Introducing The Next Generation Of Leaders And Thinkers

Seasonal Depression is A Very Real Thing

Thought Catalog
Thought Catalog

Every year, there’s that one morning when you begrudgingly slump out of your bed and glance at the calendar perched up on your wall, screaming the message that you’ve been dreading all summer and autumn: winter has officially begun, and there is no turning back. It seems that once the temperature plummets from its usual warmth and the sky becomes dark, your mood follows these same exact behaviors. All sense of motivation you had is quickly stripped away, and it seems as though when the summer disappeared, it managed to take your happiness with it.

Why do these feelings of depression and isolating behaviors only happen for a few months out of the year? Is this just dramaticized winter blues?

To quickly summarize: There is a real medical explanation behind this shift in mood that occurs over a short period of the year.

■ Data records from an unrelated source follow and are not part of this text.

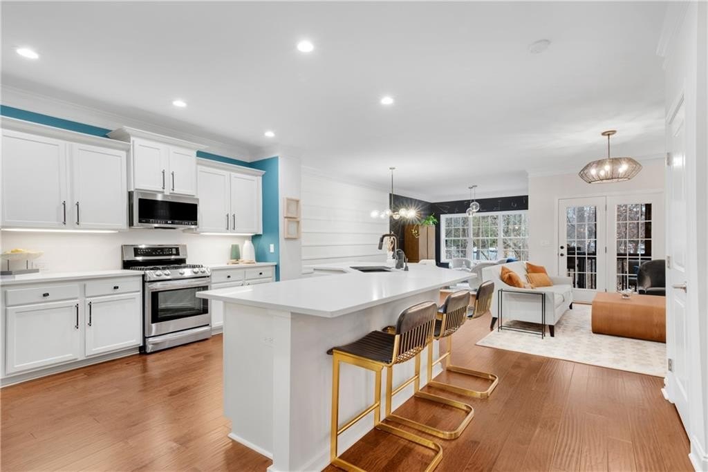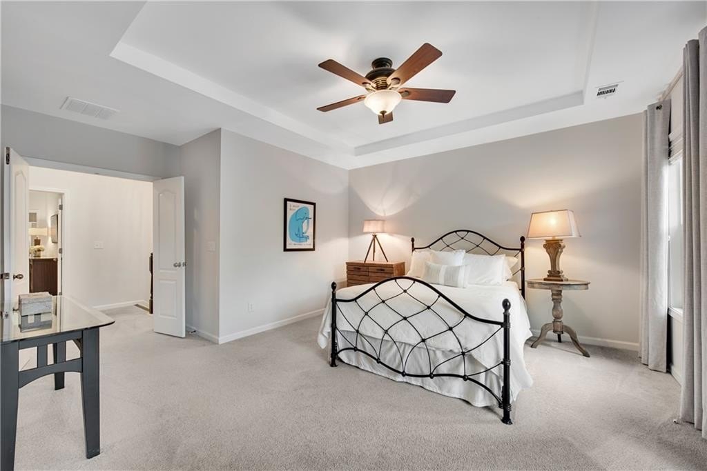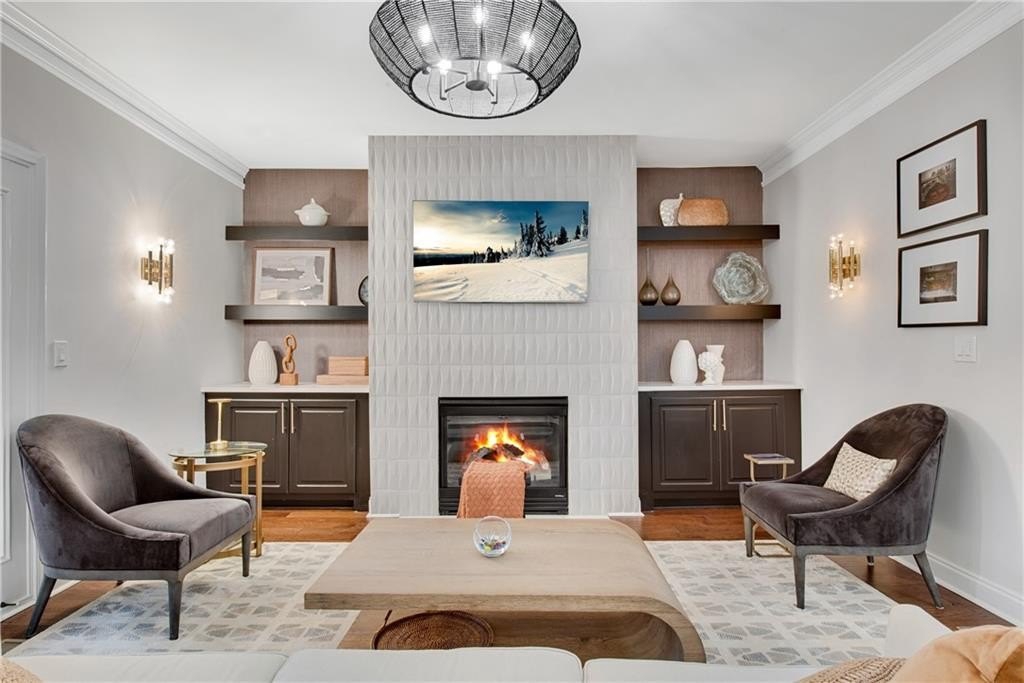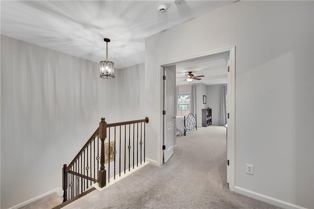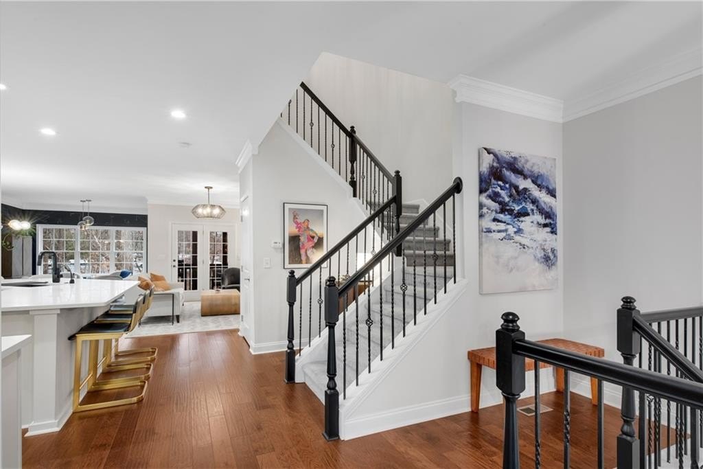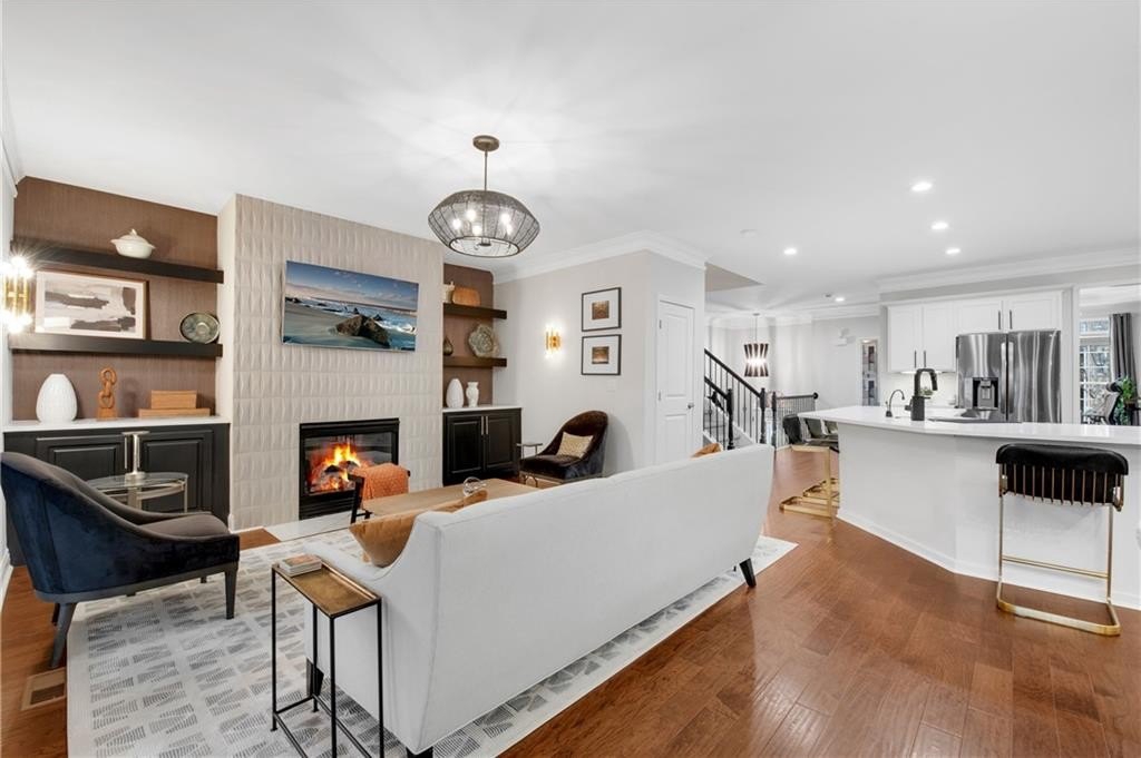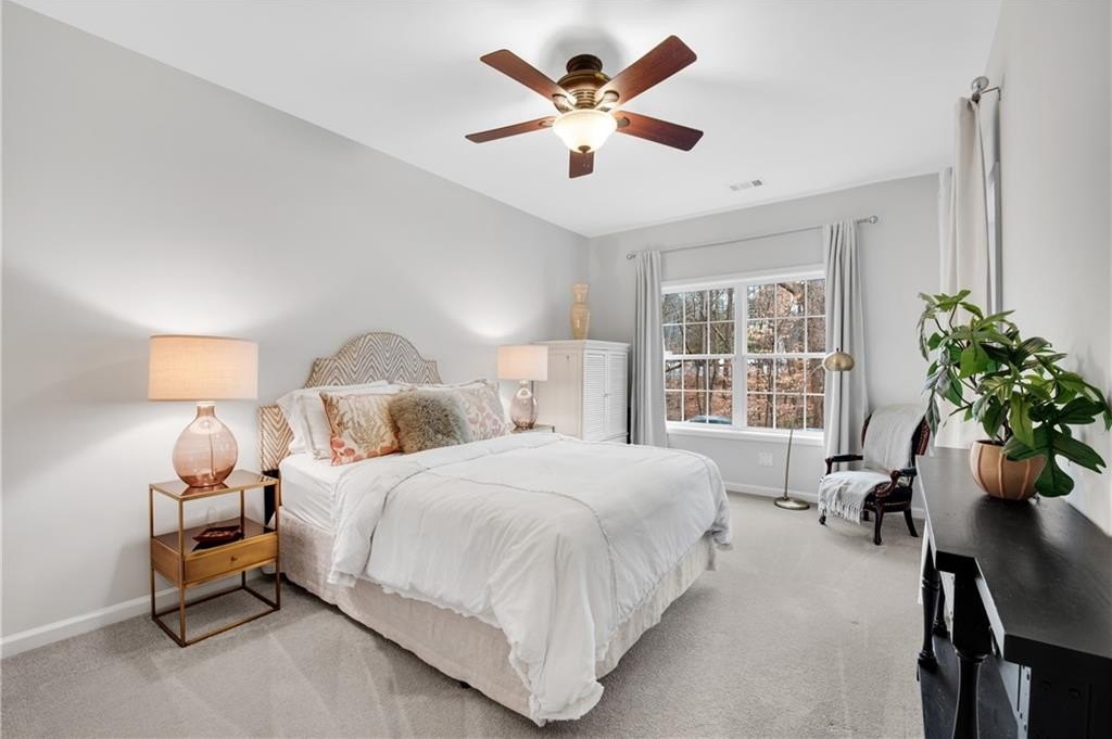 DESIGNER RETREAT IN CONVENIENT NEIGHBORHOOD near every major hub in Alpharetta. Step into modern elegance and discover this beautifully renovated townhome featuring a sophisticated interior and premium, on trend finishes. The open concept main level renovation offers 5" hand scraped hardwood floors, a bright new kitchen, elegant lighting and specialty trim. Designer kitchen showcases quartz counters and a matching quartz backsplash, black granite sink, large island with seating, instant hot water dispenser, stainless steel appliances and opens to a breakfast room with a stunning feature wall. The keeping room, featuring custom, hand painted walls, is the perfect lounge to enjoy your evening cocktails. Fireside family room has beautiful tile surround, custom built ins with matching quartz counters, floating shelves and a french door to the inviting screened porch overlooking the wooded back yard. Spacious dining room with trey ceiling can also be used as a study or additional sunny, relaxing space. The stylish powder room with designer wall coverings, quartz counters and chic gold fixtures complements the main floor's sophisticated design. The upper level boasts two master suites separated by the laundry room and storage for separation and privacy. The primary master suite features a trey ceiling, separate sitting area with views of the lush, private back yard and ceiling fan. The en-suite bathroom boasts a large soaking tub, dual vanities and a separate shower along with a custom closet. The laundry room provides ample storage with extra cabinets and generous hanging space. The terrace level can serve as a separate suite, with large bedroom, walk-in closet and family room that can be used as a media room, rec room, gym or office with a patio to enjoy the wooded landscape. One of the largest floor plans in the community. LAKE DEERFIELD offers a maintenance free lifestyle, community pool & lakeside amenities. It is less than ten minutes to Avalon, Downtown Alpharetta, Halcyon - making it easy to satiate your desire for shopping, dining and entertainment. It is only 5 minutes to 400 - exit 11 and the new McGinnis Ferry exit, everything is within reach! *NO RENTAL RESTRICTIONS*
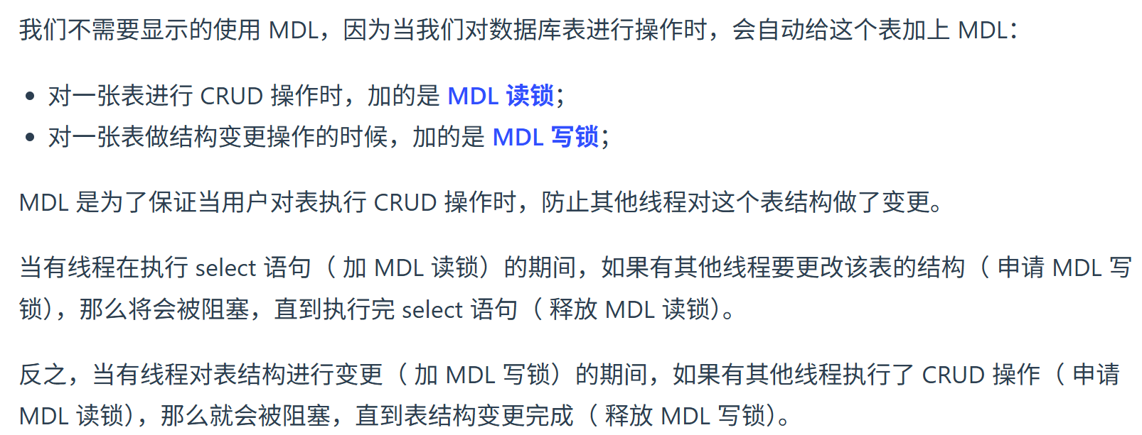 元数据锁也称 MDL 锁,我们不需要显式地调用 MDL 锁,因为操作数据库的时候会自动加上 MDL 锁。MDL 锁分为读锁和写锁。MDL 读锁就是在增删改查的时候,不允许其他线程读。MDL 写锁就是在对表进行修改时,不允许其他线程读。
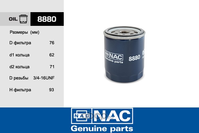| Nac | 8880 | Фильтр масляный | ||
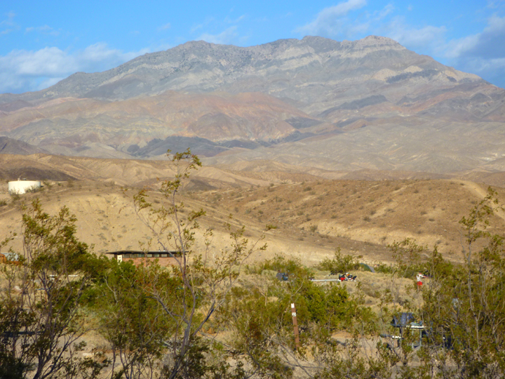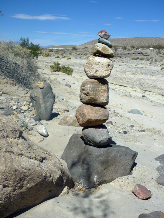 The next day we took an extraordinary hike in an unexpectedly interesting canyon area adjacent to the date farm. We hiked down a long, wide canyon that contained interesting artifacts, up and over a mesa, across the Amaragosa River, over an historic railroad bed, and into a really cool (literally, as it provided much needed shade) slot canyon.
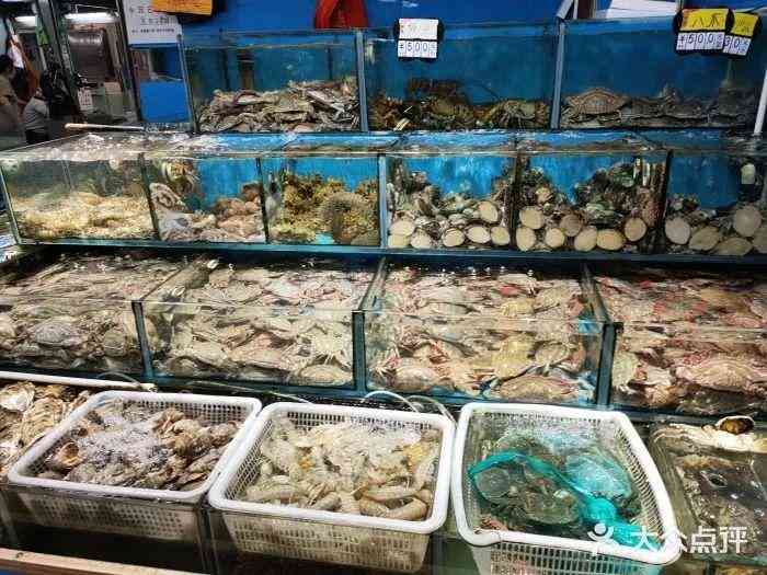从海里直运的海产品等
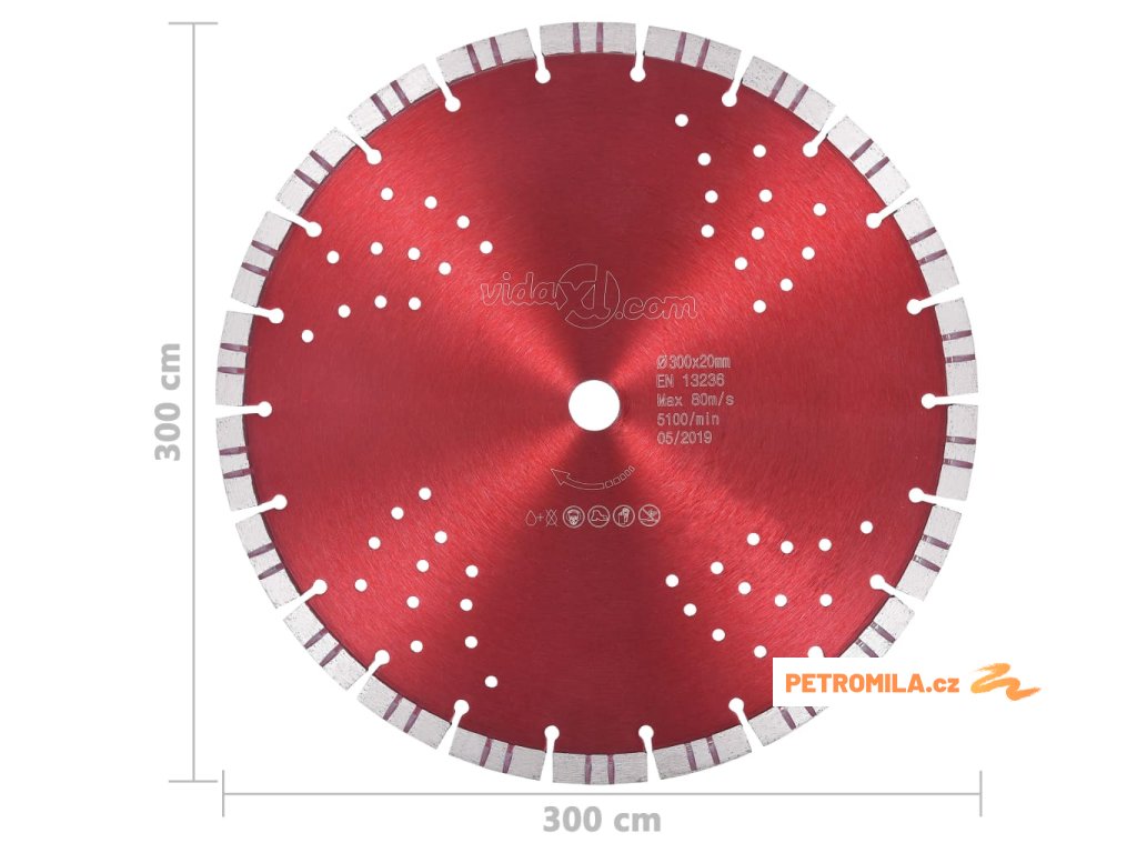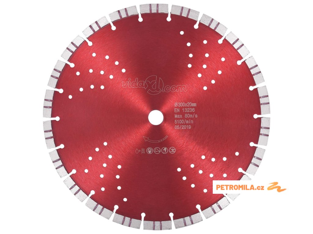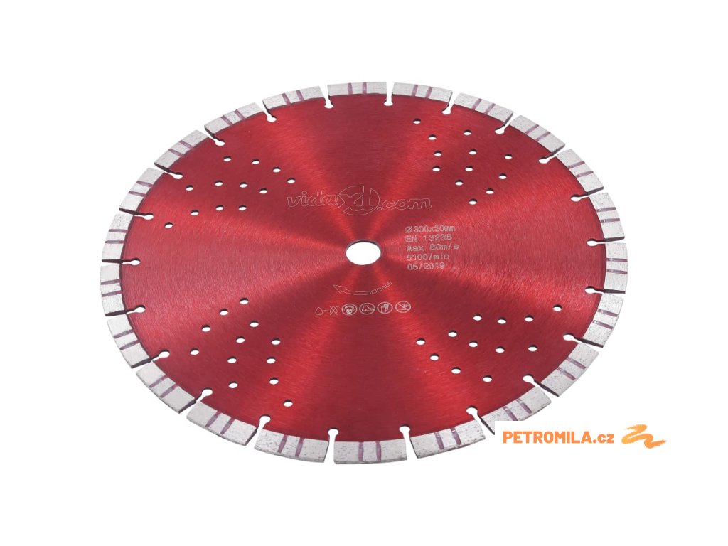 Diamantový řezací kotouč turbo s otvory ocel 300 mm

Seasonal Depression, also known as Seasonal Affective Disorder (SAD) is a type of depression that occurs and ends around the same time each year.

Although it’s most common for SAD to occur during the winter months, there have been cases of SAD occurring during the spring and summer months. All together, there are a reported three million cases of SAD in the U.S. each year. A struggle that often occurs with SAD is that those who show symptoms of SAD simply believe that they are over-exaggerating, or that their symptoms will permanently disappear in time. Or, they don’t even recognize that their symptoms are symptoms, because they don’t know that SAD exists.

Major symptoms of SAD include: Feelings of depression/hopelessness, feeling worthless, loss of motivation, loss of energy, lack of sleep/appetite, increased agitation, difficulty concentrating, and more. These symptoms are often seen as “wintertime blues”, but are often much more severe than that.

Fortunately, SAD is easily identifiable and can be treated through various forms of therapy, such as psychotherapy and light therapy.

SAD is a commonly overlooked mental illness but is just as important and should receive just as much attention as any other mental illness. If you or someone you know is experiencing symptoms of SAD, Mayo Clinic offers great resources on how to reach out for help.